*Aim of the task*. Write every line of the material again exactly, with no pictures in the copy.

+++ Data segment

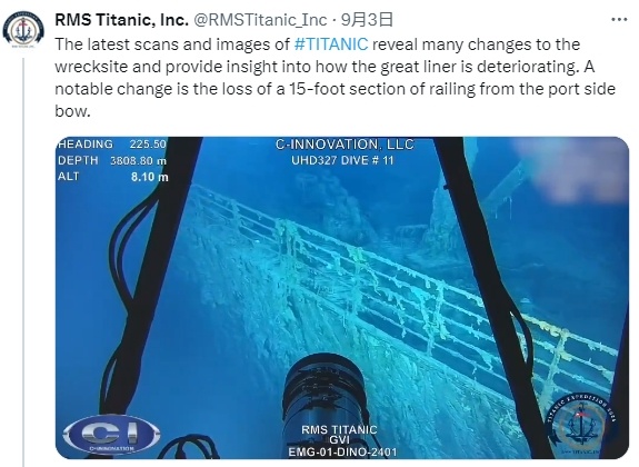 皇家邮轮泰坦尼克号公司9月2日在社交媒体平台X说,最新勘测显示,“泰坦尼克”号船头左舷一侧有一段约4.5米长的栏杆已经掉落。
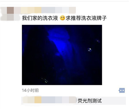 视频中,沾满荧光剂的双手触目惊心,而说词更是让人心惊肉跳。于是,小编身边的小伙伴们也纷纷拿紫光灯进行了自家洗衣液是否含有荧光剂的实验。结果如下图,小伙伴很是紧张,在朋友圈询问哪些品牌的洗衣液更靠谱?
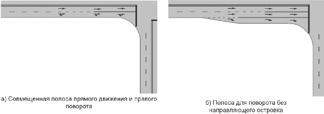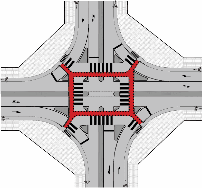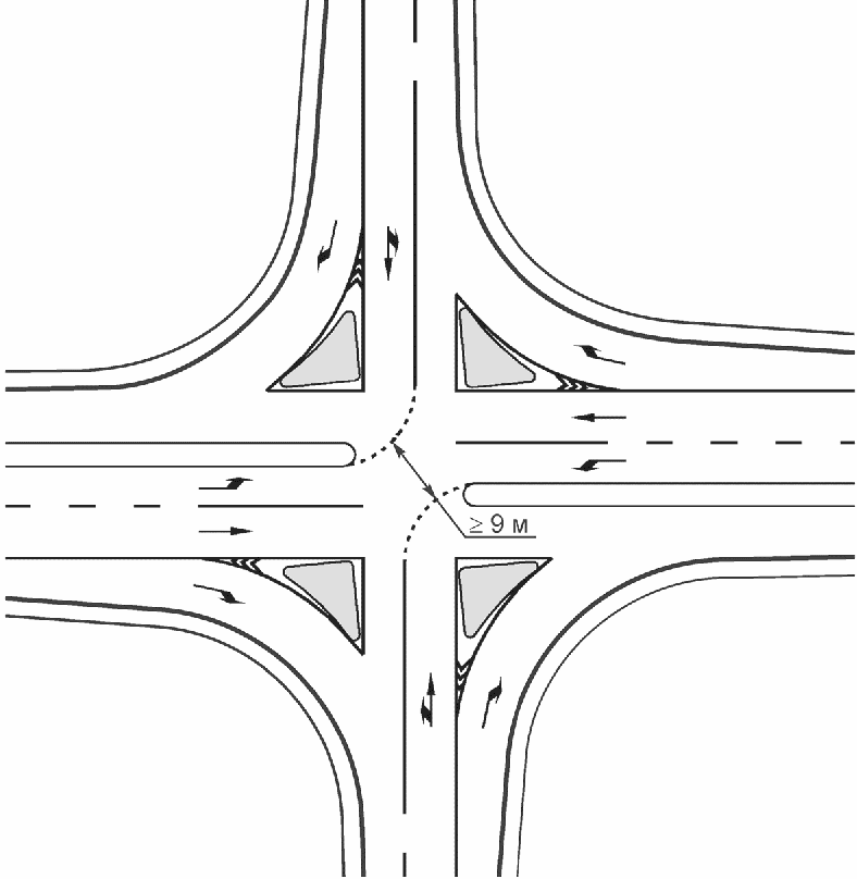 - минимизацию площади пересечения и времени, требуемого для освобождения автомобилями участка конфликта пересечения или примыкания;

++++++

*Solution below*.
 皇家邮轮泰坦尼克号公司9月2日在社交媒体平台X说,最新勘测显示,“泰坦尼克”号船头左舷一侧有一段约4.5米长的栏杆已经掉落。
 视频中,沾满荧光剂的双手触目惊心,而说词更是让人心惊肉跳。于是,小编身边的小伙伴们也纷纷拿紫光灯进行了自家洗衣液是否含有荧光剂的实验。结果如下图,小伙伴很是紧张,在朋友圈询问哪些品牌的洗衣液更靠谱?
 - минимизацию площади пересечения и времени, требуемого для освобождения автомобилями участка конфликта пересечения или примыкания;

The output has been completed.